Raumkunst Das Festgefügte ist nur eine Illusion: Christian Hasucha „unterwegs zuhause“ in der Galerie im Saalbau Neukölln

Künstler blickt vom Hügel Foto: Christian Hasucha

Eigentlich sieht das bloß aus wie ein festgebackener Haufen Kies irgendwo an einem Weg. Beachtenswert? Für Christian Hasucha schon. Am Rand eines Feldwegs in Rumänien hat er die kleine Erhebung entdeckt, eine Balustrade in einem Baumarkt besorgt und diese obenauf gesetzt. Nun stützt er sich darauf und lässt den Blick in die sanfte, weite Hügellandschaft vor ihm schweifen. So zeigt ihn ein Foto als Rückenfigur, fast wie in den klassisch romantischen Landschaftsbildern von Caspar David Friedrich.

Mit diesem 2014 entstandenen Motiv lädt Christian Hasucha zu seiner Ausstellung „unterwegs zuhause“ in der Neuköllner Galerie im Saalbau ein. Der Titel ist programmatisch für die Arbeitsweise und die Themen dieses Künstlers, der an der Karl-Marx-Straße zwar auch ein Atelier hat.

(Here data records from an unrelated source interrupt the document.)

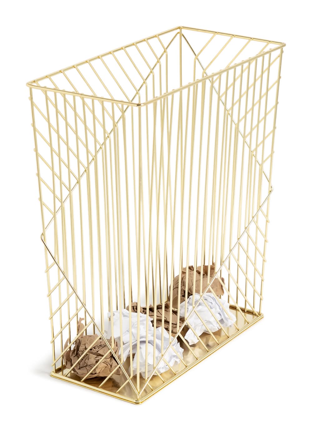 Les Produits U Vena Wire Metal Waste Basket, Gold
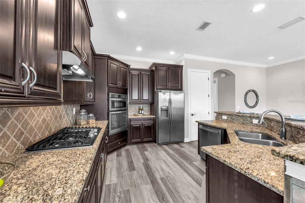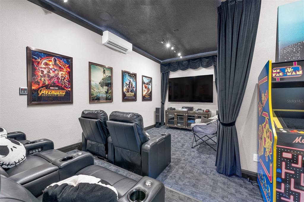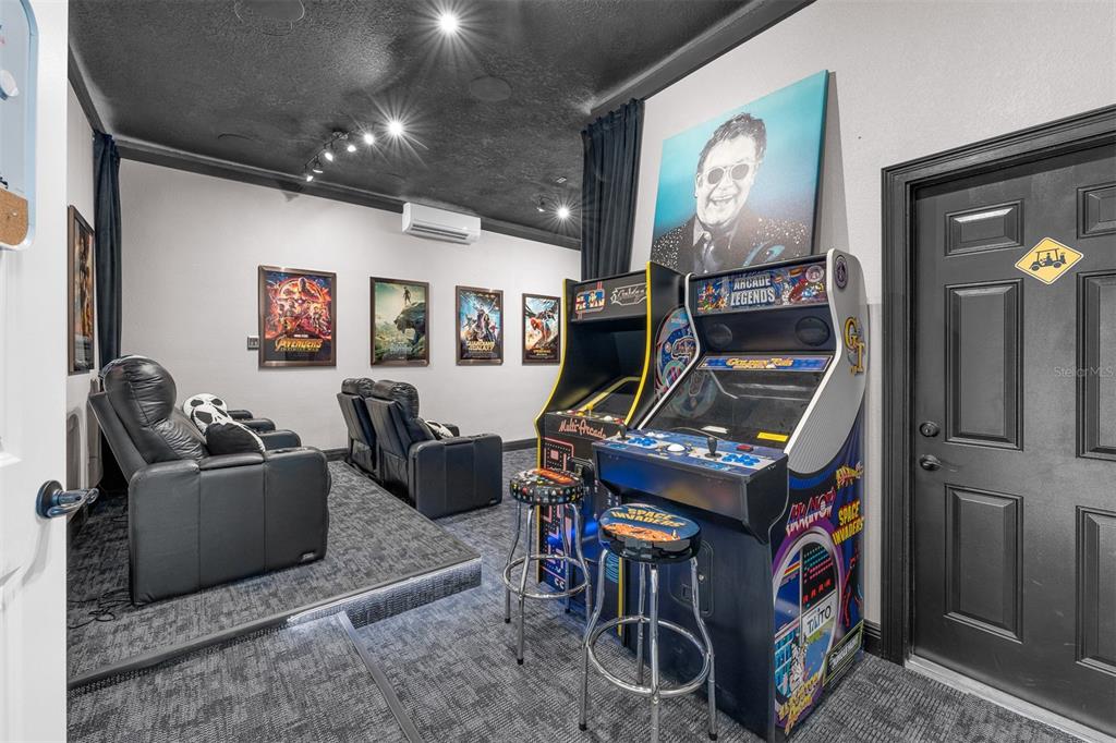 TRANSFERABLE REUNION MEMBERSHIP AVAILABLE Seller to pay $15,000 transfer fee for the buyer! This stunning 5 Bedroom Mediterranean-style two-story home offers panoramic views of the Jack Nicklaus Signature Golf Course and serene conservation areas. The property has never been in a rental program since renovations and has been used exclusively by the family. This property is partially furnished, with the option to purchase the staged furniture. Enjoy Florida living at its finest with a large swimming pool, outdoor spa, and covered patio, complete with a new BBQ and ample seating and lounge areas. The pool has been upgraded with a fully automated Pentair system and new pool pump. Inside, the thoughtfully designed floor plan features a formal dining area flowing seamlessly into the living room and a modern kitchen equipped with stone countertops, a 5-burner gas cooktop, stainless steel range hood, backsplash, built-in oven, microwave, dishwasher, and stainless-steel refrigerator. The main floor primary suite includes a full en-suite bathroom. Also downstairs are a conveniently located laundry room and half bath. Upstairs, a spacious loft provides the perfect area for entertaining or relaxing. All guest bedrooms feature private en-suite bathrooms, while the second primary suite boasts a full-size walk-out balcony overlooking the golf course, a soaking tub, and an enclosed shower. Additional highlights include laminate flooring and carpet throughout, new lighting and ceiling fans indoors and outdoors, top-of-the-line Sony TVs, and a garage converted into an impressive theater and game room with new equipment, arcade games, and full furnishings. The home also features a new AC system with UV lights and a new mini-split in the theater room. Located within Reunion Resort, a 2,300-acre gated golf community, residents enjoy access to three championship golf courses (Palmer, Watson, and Nicklaus), the Leadbetter Golf Academy, a water park, 12 community pools, tennis and pickleball courts, mini golf, and multiple dining options. Just minutes from Disney Parks and close to Florida’s top beaches, this home offers the ultimate luxury lifestyle. Don’t miss this exceptional opportunity to own in one of Central Florida’s most sought-after resort communities
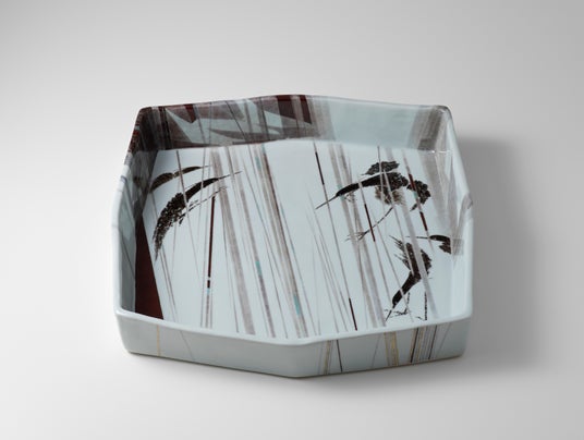 工芸の盛んな石川県という同じ風土から生まれた二人の作品は、素材は異なるものの、追い求める表現が互いに引き寄せられるように近いものがあります。今展では、造形やシャープな線引き、色合いなど共通の表現の中に、色絵磁器と漆の間(あわい)を楽しみながら制作に取り組んだ軌跡が覗えます。
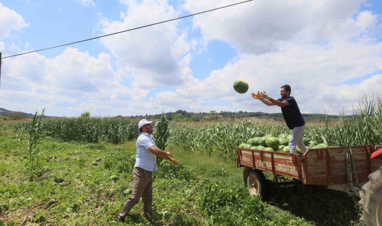 Damla sulama sistemiyle yetiştirilen ve yeterli olgunluğa ulaşan karpuzlar, elle hasat edilerek traktörlere yükleniyor, daha sonra satış noktalarına gönderiliyor. Birçok üretici, aile bireylerinin desteğiyle ürünlerini tarladan kaldırıyor. Oldukça meşakkatli ve yorucu olan karpuz hasadı, ürünlerin verimli ve bol olması dolayısıyla üreticilerin tüm yorgunluğunu alıyor. Şölen havasındaki hasadın, ağustos sonuna, en geç eylül başına kadar sürmesi bekleniyor.
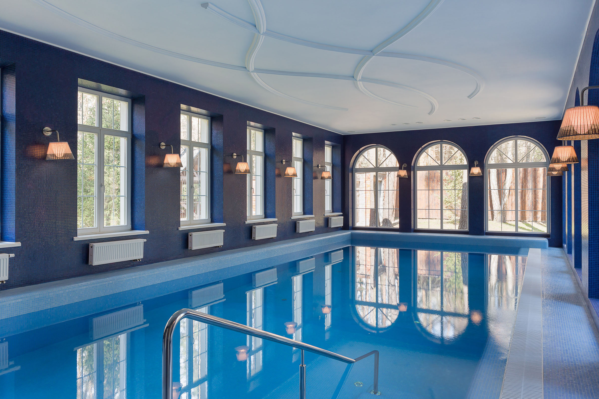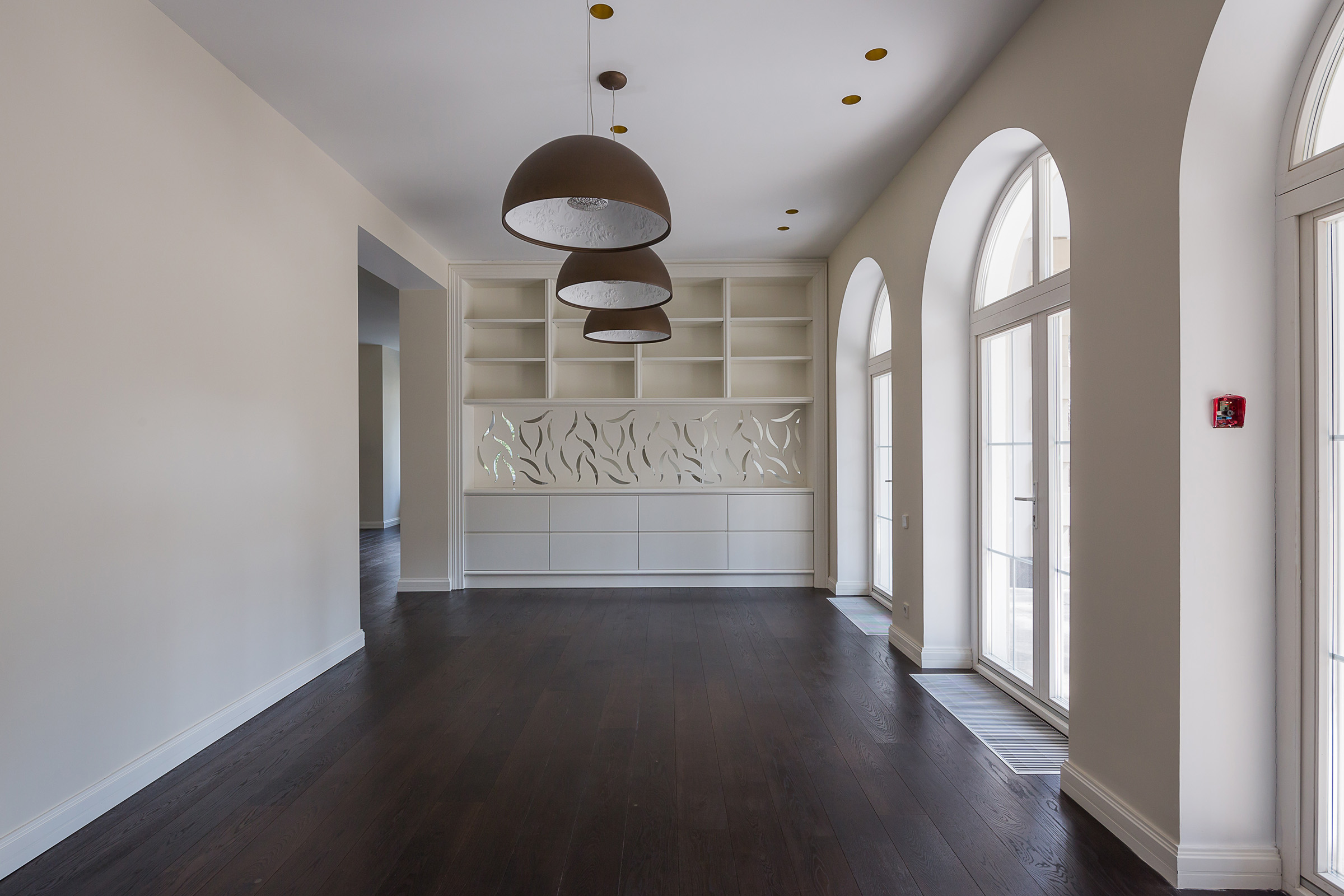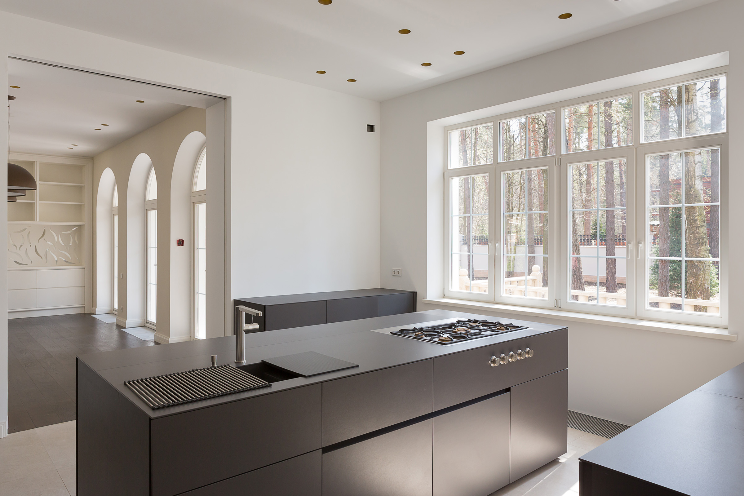 A villa was completely refurbished. The cellar now contains an extensive spa area, the main floor is dominated by a large open-space living hall with defined spaces for dining, sitting, and library. Several terraces provide direct access to the garden. The bedrooms on the second level are designed as suites with separate bathrooms, and the top-level features guest rooms, a cigar lounge and a movie theatre. Bright, friendly and generous, the ambiance benefits from specially designed furniture. The Bisazza-tiles in the wetrooms, also designed by Atelier Heiss, give the house an individually luxurious touch.
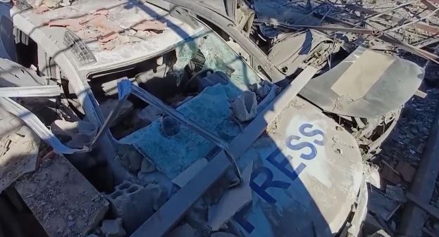 Afuera de los edificios ahora derrumbados que fueron alquilados por varios medios de comunicación, autos marcados “PRENSA” yacían cubiertos de polvo y escombros después del ataque, mostraron fotos de Associated Press.
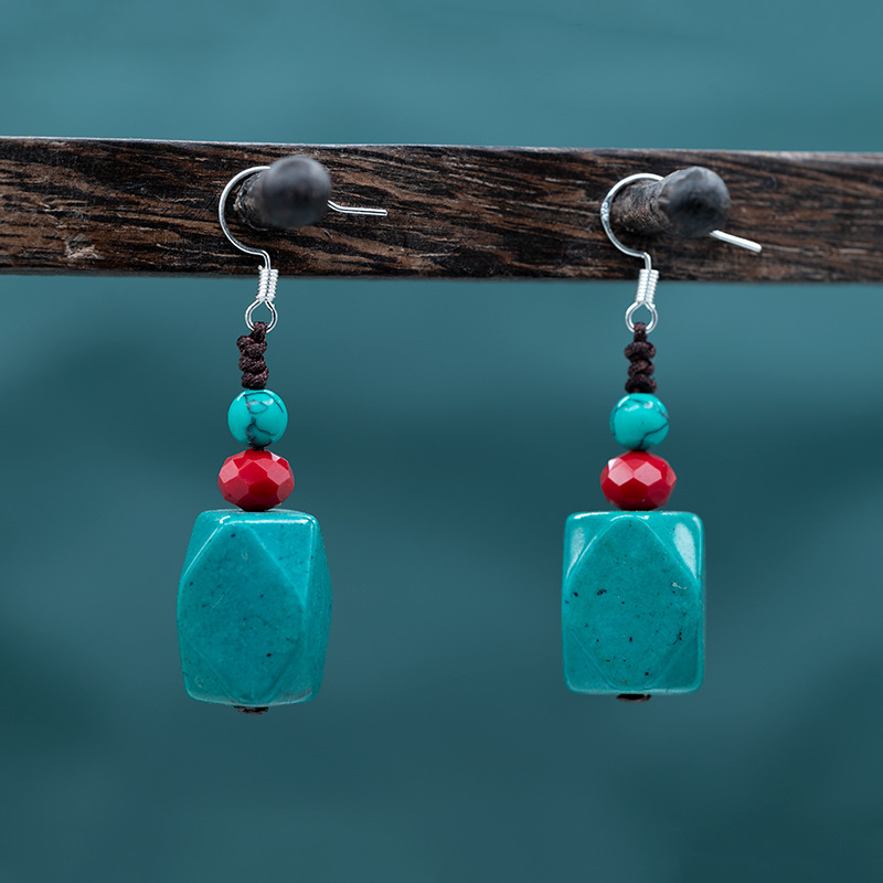 銅メッキ925銀緑松石イヤリング民族風切断面耳打ち手作りファッションシンプル気質アクセサリーチベット式女性
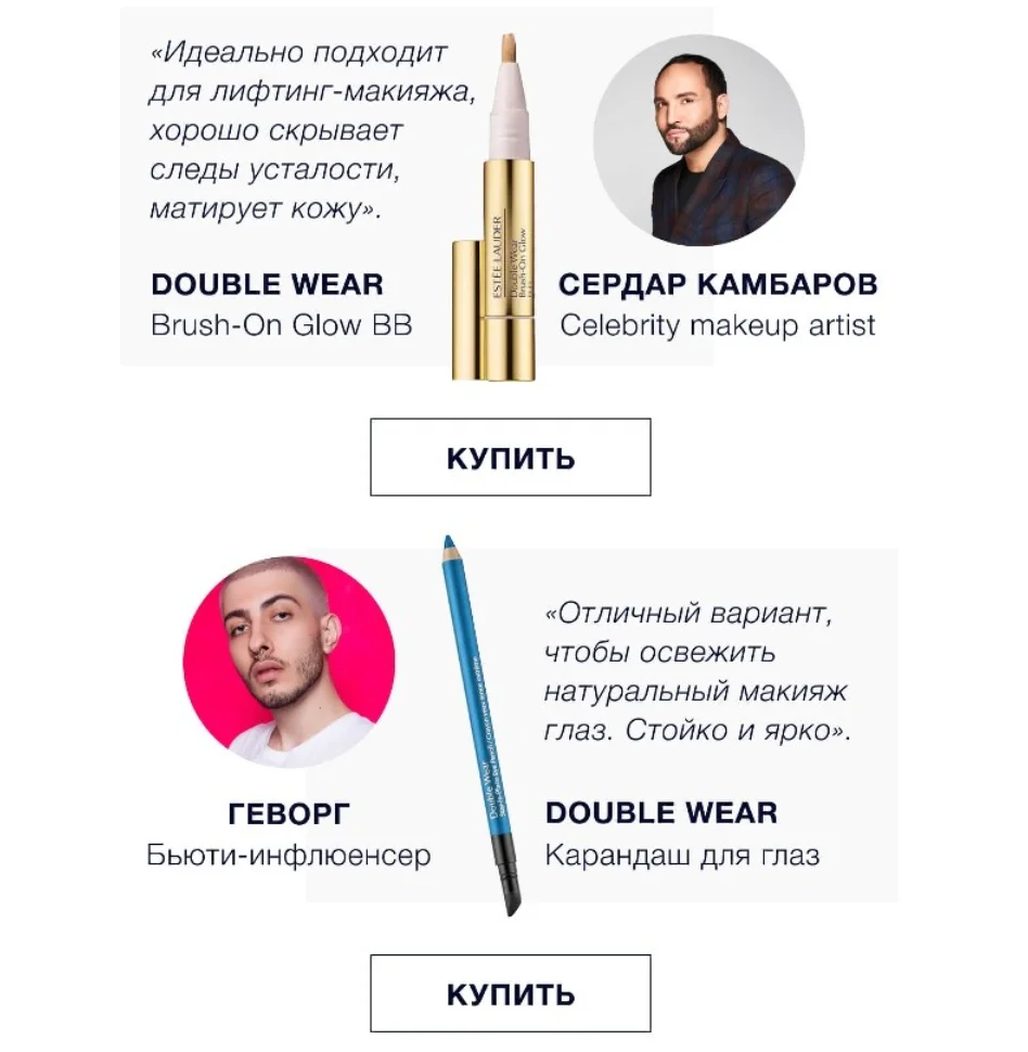 Мнение влиятельных людей можно использовать в разных форматах контента. Например, ESTEE LAUDER делится отзывами экспертов в email-рассылке.
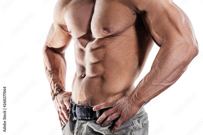 Muscular and sexy torso of young athletic man isolated on white background
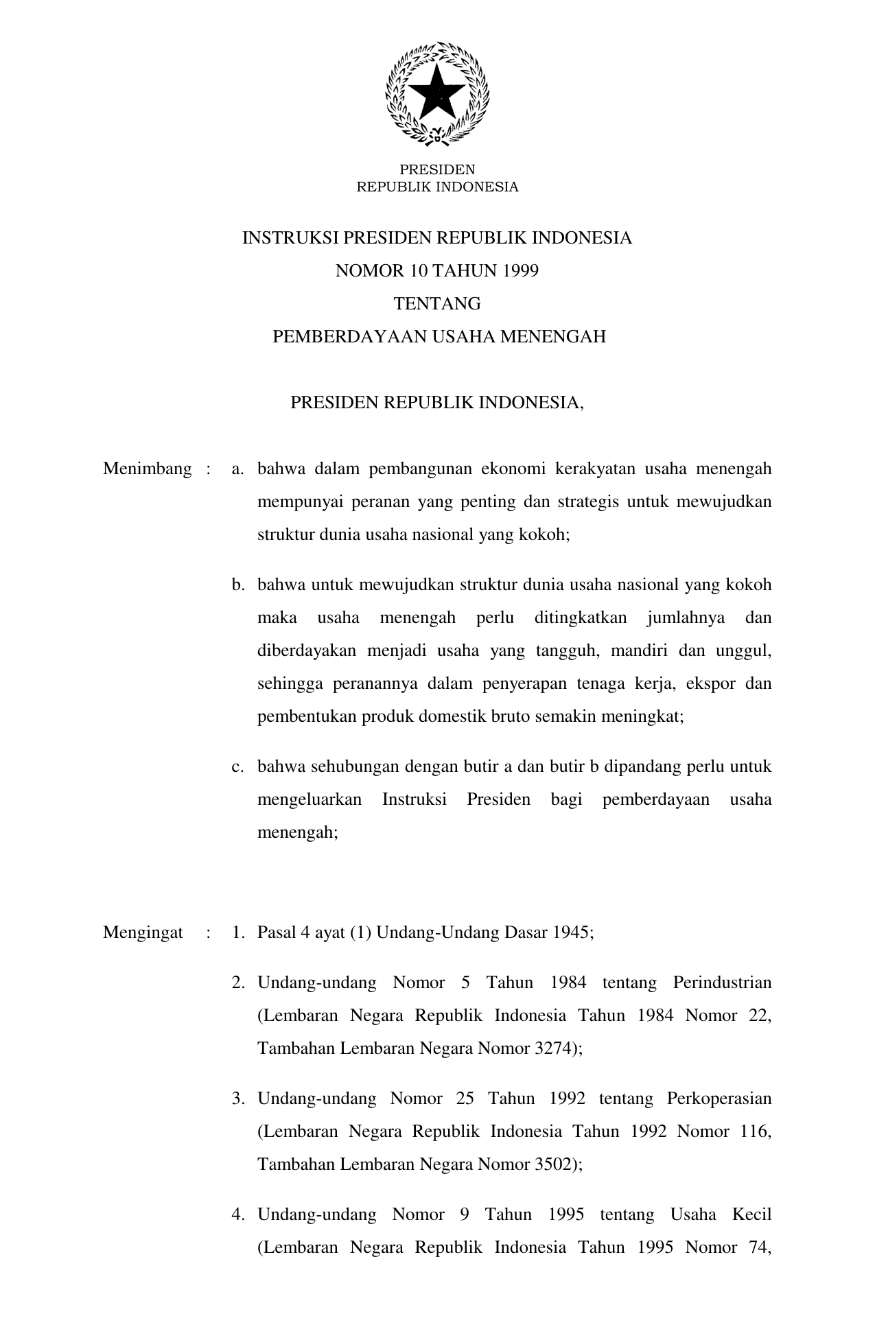 INPRES Nomor 10 Tahun 1999 | Instruksi Presiden Nomor 10 Tahun 1999 tentang PEMBERDAYAAN USAHA MENENGAH

Vor allem aber ist er ein Umherschweifender und Unterwegsarbeiter, ein Mann der kleinen Gesten, dessen Eingriffe in das, was man öffentlichen Raum nennt, oft ganz unspektakulär sind.

Vielleicht macht gerade das, der leise und auch irgendwie bescheidene Auftritt dieses 1955 geborenen Künstlers, das Besondere in einer Zeit aus, in der im öffentlichen ebenso wie im virtuellen Raum, in dem das Private als öffentliches Spektakel inszeniert wird, ein gnadenloser Konkurrenzkampf um Aufmerksamkeit stattfindet.

In der Fotoserie „Rumbulukr“, die sich auf eine Reise durch Rumänien, Bulgarien und die Ukraine bezieht, arbeitet Hasucha mit kleinen schwarzweißen Fotografien und Text. Die Bilder zeigen ihn wieder als Rückenfigur, ein Notizbuch in der Hand, zwischen Holzkisten stehen, die wie abgestellte Koffer wirken. Manchmal sehen ihm zwei Frauen neugierig zu, im Hintergrund sieht man Hochhäuser in der Stadt oder Erdwälle einer nicht einzuordnenden Gegend. Unter jedem Bild informiert eine handschriftliche Zeile, etwa: „Christian Hasucha schreibt über das Wohnen in den Städten“.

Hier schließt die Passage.